Australian Environment Minister Tony Burke will introduce legislation on Tuesday to give him the power to ban the vessel from fishing until more scientific research is carried out.
Burke said there was too much uncertainty surrounding the environmental impact of the 142 meter (466 foot) trawler, reportedly the world's second-largest fishing vessel.
"There has never been a fishing vessel of this capacity in Australia before and the Environment Protection and Biodiversity Conservation Act needs to be updated so that it can deal with it," Burke said.
Seafish Tasmania brought the FV Margiris to Australian shores last month in a joint-venture with the Dutch owners. It was awarded a 18,000 tonne quota to fish for jack mackerel and red bait fish off the coast of Australia under strict conditions. Its name was changed to the Abel Tasman and registered in Australia.

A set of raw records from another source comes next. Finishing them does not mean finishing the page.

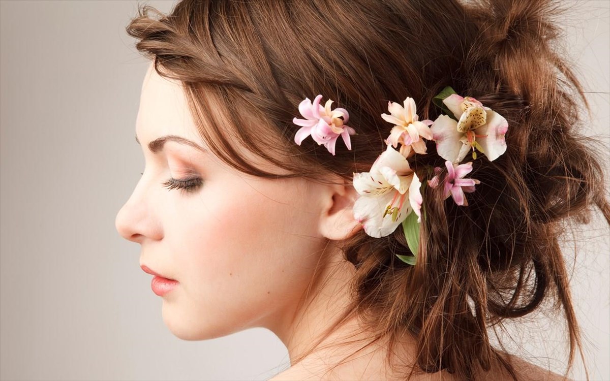 Ανθισμένα στεφάνια. Και ανθισμένες μανόλιες. Για τα κορίτσια που δεν βιάζονται να μεγαλώσουν. Και υφασμάτινα λουλούδια, σαν αληθινά, που στερεώνονται διακριτικά σε κοτσίδες, αλογοουρές, ακόμη καλύτερα σε καλοχτενισμένα αλλά και ατίθασα μαλλιά.
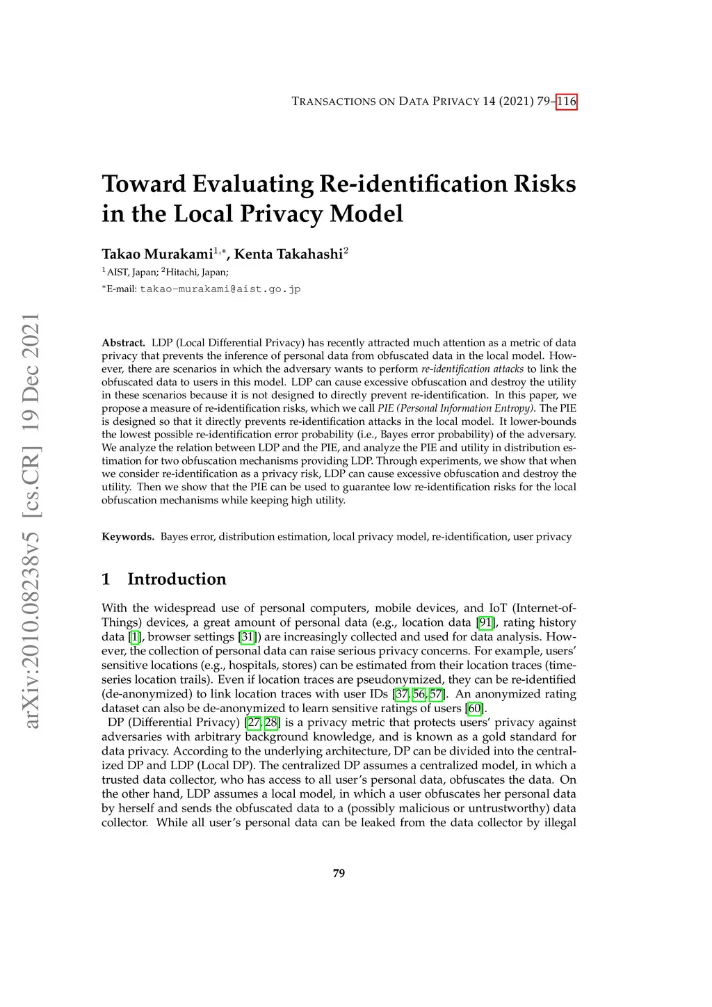 LDP (Local Differential Privacy) has recently attracted much attention as a metric of data privacy that prevents the inference of personal data from obfuscated data in the local model. However, there are scenarios in which the adversary wants to perform re-identification attacks to link the obfuscated data to users in this model. LDP can cause excessive obfuscation and destroy the utility in these scenarios because it is not designed to directly prevent re-identification. In this paper, we propose a measure of re-identification risks, which we call PIE (Personal Information Entropy). The PIE is designed so that it directly prevents re-identification attacks in the local model. It lower-bounds the lowest possible re-identification error probability (i.e., Bayes error probability) of the adversary. We analyze the relation between LDP and the PIE, and analyze the PIE and utility in distribution estimation for two obfuscation mechanisms providing LDP. Through experiments, we show that when we consider re-identification as a privacy risk, LDP can cause excessive obfuscation and destroy the utility. Then we show that the PIE can be used to guarantee low re-identification risks for the local obfuscation mechanisms while keeping high utility.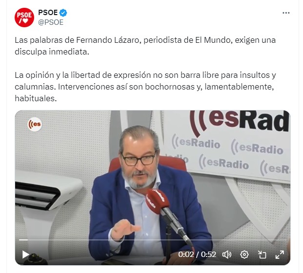 En el infame tuit, el PSOE exige "una disculpa inmediata" a Lázaro y sostiene que "la opinión y la libertad de expresión no son barra libre para insultos y calumnias". "Intervenciones así son bochornosas y, lamentablemente, habituales". Por su parte, el aludido ha respondido de la siguiente manera:

"Changing laws in response to emotive campaigning and "trial by media" undermines the credibility of Australian fisheries management, creates uncertainty and insecurity for fishermen and deters investment that is needed to support regional jobs," Seafish Tasmania and the Commonwealth Fisheries Association said in an open letter to lawmakers published on Tuesday.
Greenpeace, which had attempted to stop the ship docking when it arrived in South Australia, hailed the decision as a "sensible response to the threat of the Abel Tasman".